Field Journal: September 2013

Personal Reflection: A Season of Learning and Belonging in Gulu

It’s hard to believe I’ve now spent 11 weeks in Gulu. Time, as they say, has a curious way of unfolding—what began with quiet apprehension has grown into a deeply meaningful chapter of my journey. I now live in a spacious house tucked in one of Gulu’s quiet suburbs, within walking distance of both town and my office. The rhythm of life here is slower than what I’m used to, yet somehow more intentional—and it has invited me to slow down and notice more.

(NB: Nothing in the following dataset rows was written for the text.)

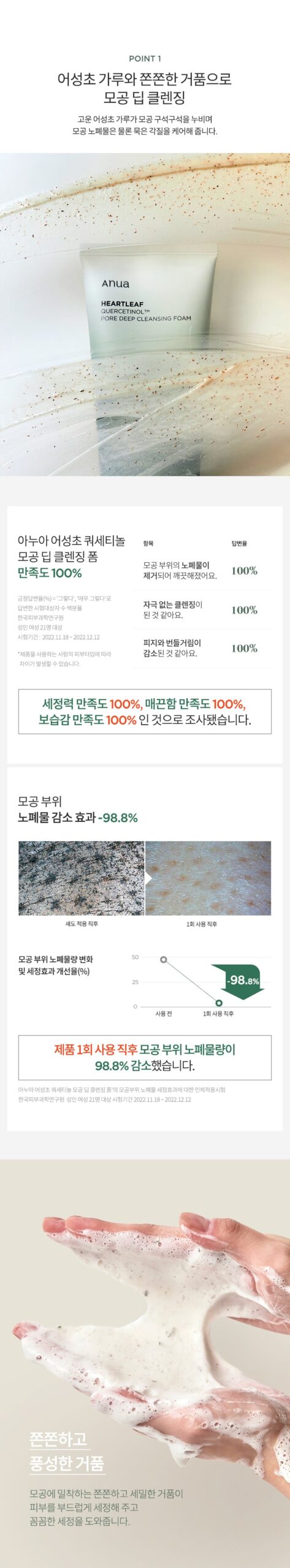 The Heartleaf Quercetinol Pore Deep Cleansing Foam is an Eoseongcho Deep Cleansing Foam specially formulated to clear away waste and dead skin cells from all corners of your pores. With a remarkable pore cleansing effectiveness of 98.8%, it has undergone skin irritation testing for your peace of mind.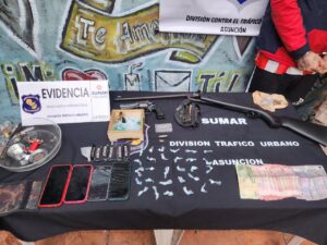 Se trata de Juan Antonio Ferrando López (38), alias “Chupi”, exconvicto, quien fue detenido hógape, que funcionaba como “boca de fumo” sobre la calle Isla Po’i (26 Proyectada) casi Mayor Fleitas, del populoso barrio asunceno.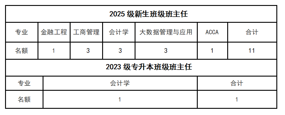 根据2025级新生和2023级专升本学生人数、编班情况,每个班级选聘1名班主任,拟选聘12名。

Before I arrived, I carried with me a mix of curiosity and caution. I had spoken to a few people about life in northern Uganda, but many questions still lingered. Would I feel safe in a place that only recently emerged from two decades of war? Would I be seen as an outsider? I had underestimated how being from a neighboring country could still come with its own version of “foreignness,” especially in a region so historically shaped by conflict and recovery.

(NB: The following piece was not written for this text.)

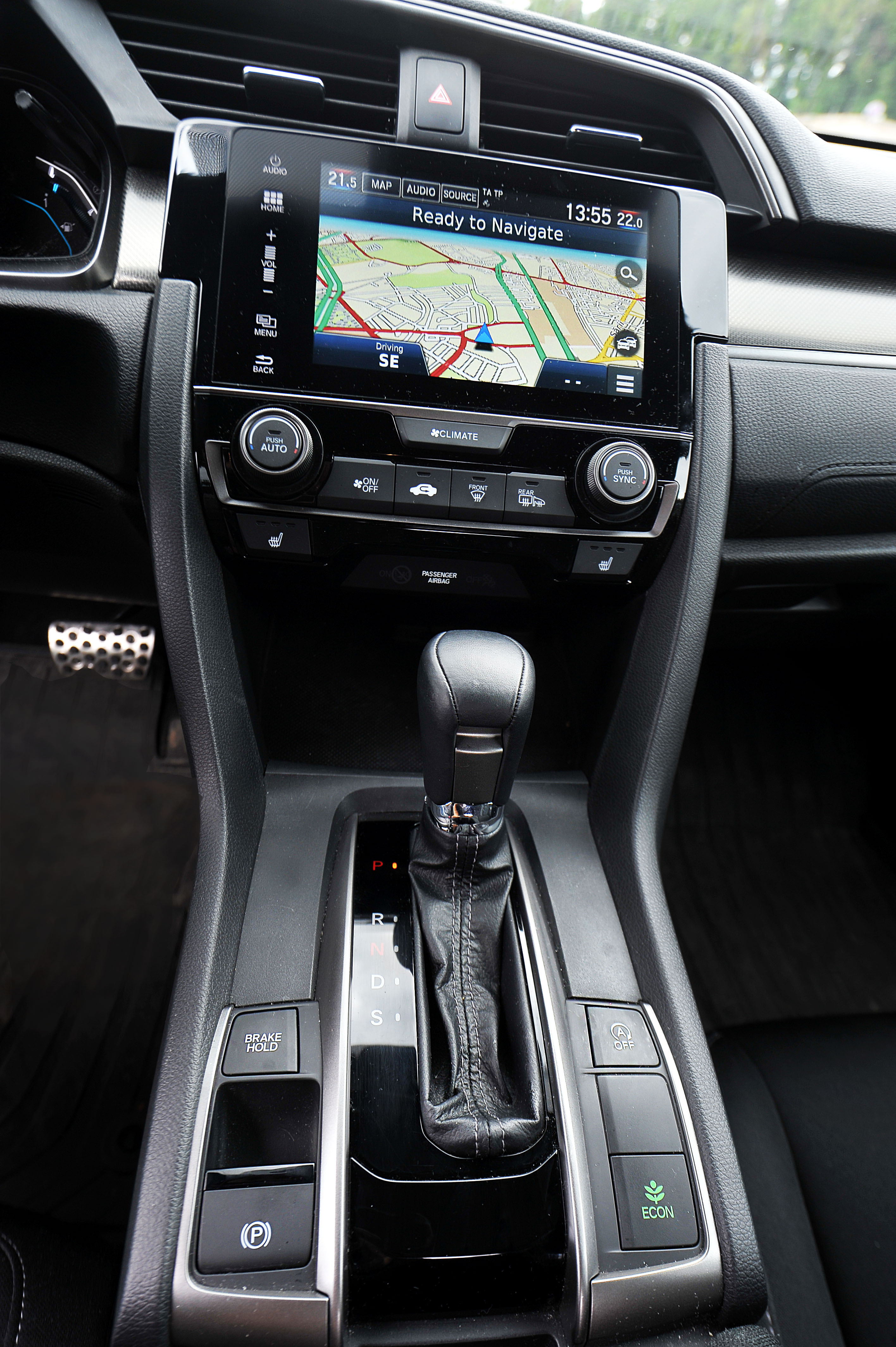 Designul exterior al modelului Honda Civic 5D, cu linii mai puţin cursive, ce pare format din elemente modulare, se transmite şi la interior. Gusturile nu se discută, la fel ca exteriorul, unora li se va părea încărcat, în timp ce alţii vor aprecia viziunea japonezilor. Zona rezervată vitezometrului supradimensionat este complet digitală, în interiorul acestuia fiind afişate informaţiile computerului de bord sau ale sistemelor de asistenţă. Cockipt-ul este împărţit în trei zone, celelalte două nefiind complet digitale, dar având afişaj digital pe cadrane analogice. Singurul reproş poate fi adus butoanelor de pe volan, realizate dintr-un plastic slab calitativ, acesta fiind în notă discordantă cu restul materialelor folosite la interior. Altfel, plasticele folosite sunt bine finisate şi îmbinările sunt de calitate. Consola este de două niveluri, cel inferior găzduind o mufă HDMI şi o mufă USB. Pentru a nu întinde cabluri prin maşină, există un pasaj de trecere. Climalizarea oferă butoane fizice, însă poate fi controlată şi prin intermediul displayului, având chiar un buton care scurtează drumul în meniu.

But I was wrong to worry so much. Those fears, like morning fog, gradually lifted. What I found instead were warm, open-hearted people who welcomed me into their lives without suspicion or reserve. In a quiet, powerful way, Gulu reminded me that home is not just where you’re born—it’s where you’re embraced.

A Tapestry of Culture and Connection

One of the most enriching aspects of my time here has been the cultural immersion. The Acholi language, which forms the heartbeat of communication in Gulu, carries a melodic rhythm that reminds me of the Kenyan Luo language. While I can’t yet hold a full conversation, I smile at the small victories of understanding a word or phrase—and the laughter that often follows my clumsy attempts to pronounce something new.

Swahili, my mother tongue, is spoken by a few here, and English serves as a common ground, especially among the educated and expatriate circles. Language has opened doors, but it is cultural humility that has kept them open.

I had assumed, somewhat naively, that being African meant I would naturally blend in without challenge. I soon realized that cultural belonging isn’t something you carry with you—it’s something you earn through presence, respect, and a willingness to learn. What I once considered “culture shock” has become, for me, a classroom. I’ve learned that culture shock doesn’t have to be a jarring experience; rather, it can be a mirror, showing you parts of yourself you didn’t know needed growth.

Through this mirror, I’ve discovered the quiet joy of watching the world without trying to fix it. I’ve learned that effective community engagement begins with listening—not with a plan. True transformation requires proximity, empathy, and the humility to let others lead their own stories.

Small Joys and Unexpected Lessons

Of course, not everything has been smooth. Gulu’s frequent power outages—especially during the rainy season—have tested my patience. There have been days when the lights stayed off for 72 hours. At first, I was frustrated; how can one get any work done under such conditions? But then I noticed that others didn’t complain. Some have generators. Others simply adjust. It reminded me of my rural childhood in Kenya, where darkness was never a crisis—just a pause.

On those long evenings without electricity, I’ve found unexpected solace. I sit outside with the neighbor’s children, listening to their stories, gazing at the stars, hearing laughter echo into the night. Without the glow of screens, I’ve discovered the quiet richness of connection—the kind that doesn’t need charging.

Becoming More Myself

This internship has been more than a professional assignment—it’s been a season of becoming. I have met people from different walks of life, shared meals and stories, been humbled by resilience, and inspired by kindness. I have learned that confidence is not loudness—it is the quiet conviction that you belong, even in unfamiliar spaces.

Most importantly, Gulu has reminded me not to take life for granted. The peace here is fragile, hard-won, and deeply cherished. The people here carry stories that are both painful and profound. Their strength doesn’t come from forgetting the past but from forging ahead with courage.

As I reflect on these 11 weeks, I carry with me the echoes of soft voices, the beauty of unlit nights, the challenge of unlearning, and the gift of learning anew. Gulu, with its history, hospitality, and hope, has given me more than I came with.

I came with questions; I’m leaving with gratitude.